Возле кино «Ударник» река не замерзла. Вода была черной, тяжелой и в стелющихся клубах пара казалась кипящей. Над куполом «Ударника» с криком носились галки, и лишь эта птичья суетня в небе нарушала ощущение покоя и безмятежности. В Москве это ощущение очень редко — оно бывает только зимой и только в такие тихие, слабо морозные воскресенья, в какие-то неуловимые промежутки дня, между двумя и четырьмя часами…
По пути в Третьяковку Вадим рассказывал Рашиду о Москве — они шли мимо Кремля, Дома правительства к Кадашевской набережной. Вадим заранее радостно предвкушал, как он будет водить Рашида по лабиринту залов, знакомых ему, как его собственный дом, рассказывать о художниках, наблюдать за восхищением Рашида. Как в детстве он любил показывать товарищам свой альбом марок, интересные книги из отцовской библиотеки, так теперь он нетерпеливо ждал минуты, когда он покажет Рашиду свою галерею, с любимыми своими картинами — точно готовился сделать ему драгоценный подарок…
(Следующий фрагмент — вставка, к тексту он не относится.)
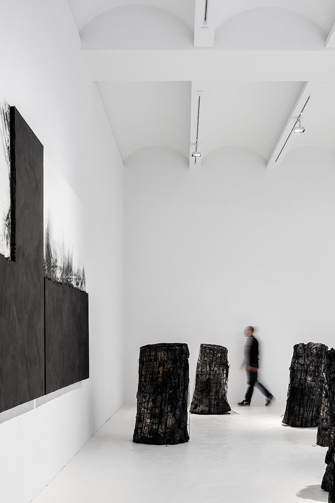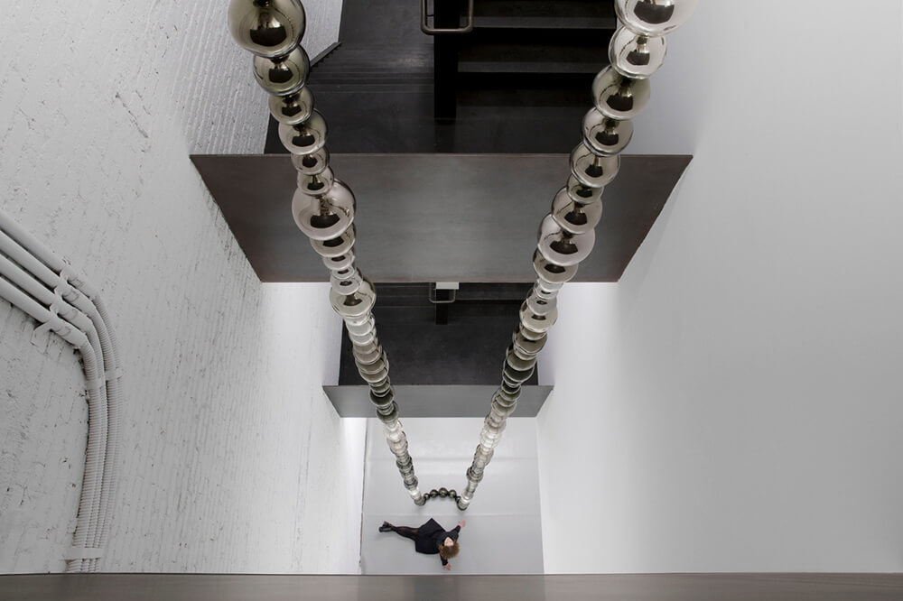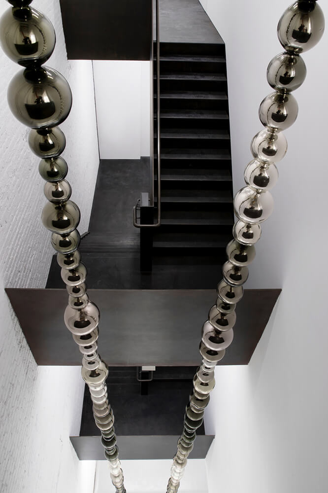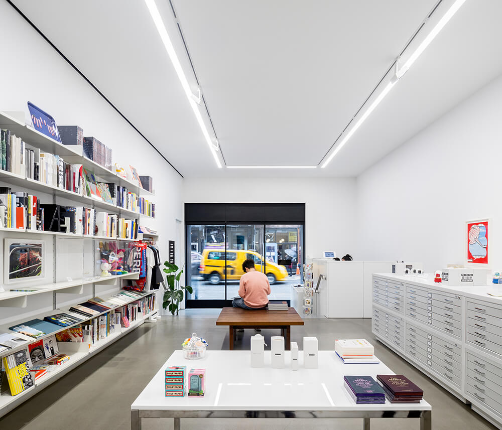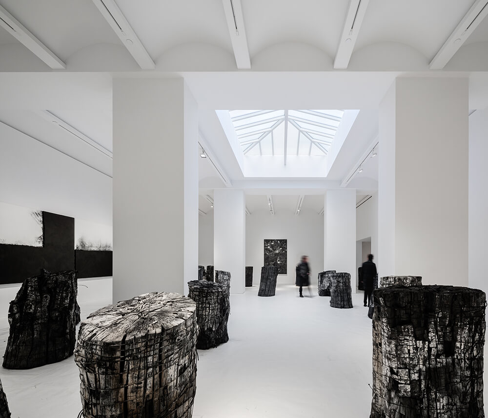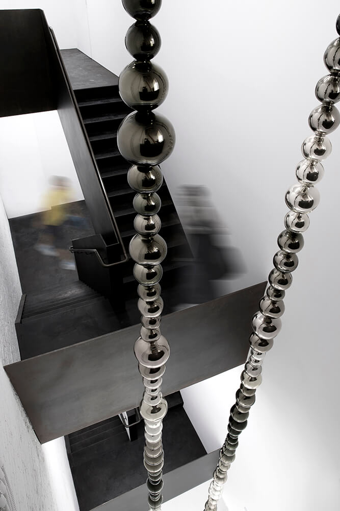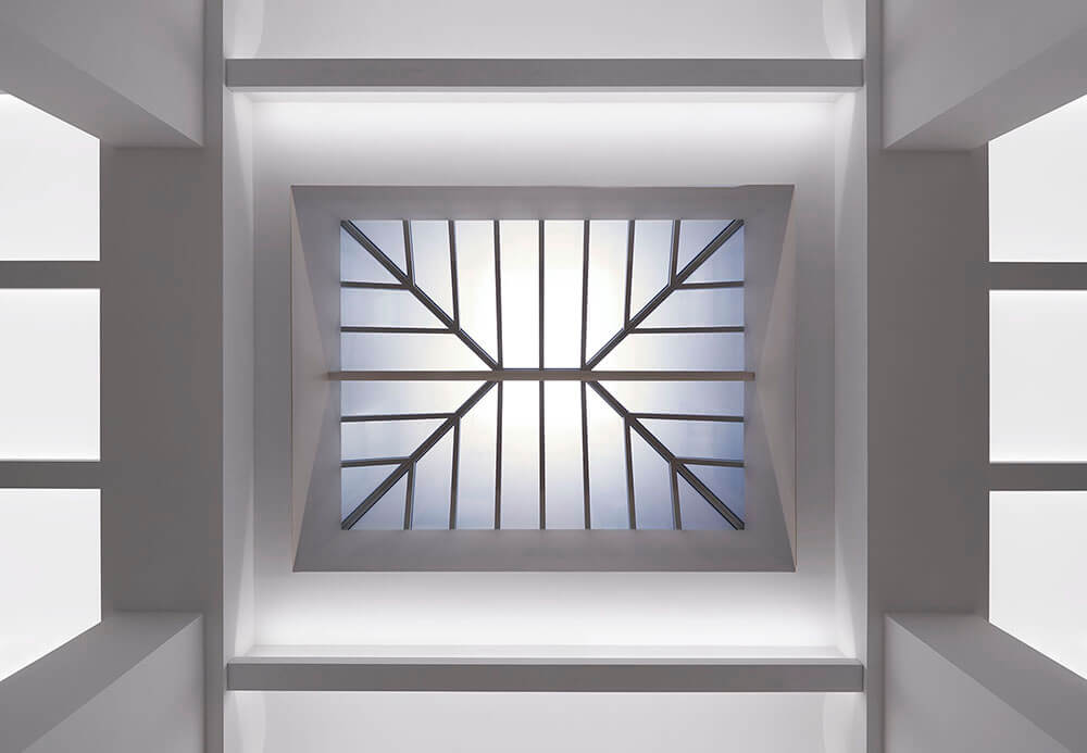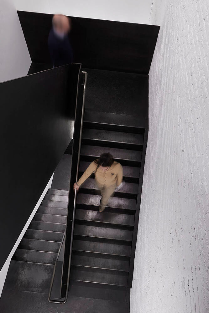 There are five exhibition spaces, and more than 20,000sf of public space. A dedicated stair built from half-inch blackened steel plate provides continuity and circulation and features a three-story atrium for sculpture display. A bookstore on the ground floor addresses the street and engages different markets than a typical art gallery, while a rooftop garden is used for events.

И вот он — узенький, скромный, выбегающий к гранитному борту Канавы, знаменитый Лаврушинский переулок.
Как всегда по воскресеньям, в переулке было людно — одни торопились в галерею, другие медленно шли навстречу. Пробежала стайка ребятишек-ремесленников в черных форменных шинелях; громко стуча ботинками, посередине переулка прошагала, обгоняя студентов, группа матросов, за нею медленно ехала какая-то посольская машина с иностранным флажком.
До Вадима доносился голос Кречетова:
— …в девяносто втором году они передали галерею в дар Москве. Было уже больше тысячи картин, сотни рисунков, скульптура, гобелены — неплохой дар, а? В миллион триста тысяч рублей оценили все собрание. Павел Михайлович был замечательный человек…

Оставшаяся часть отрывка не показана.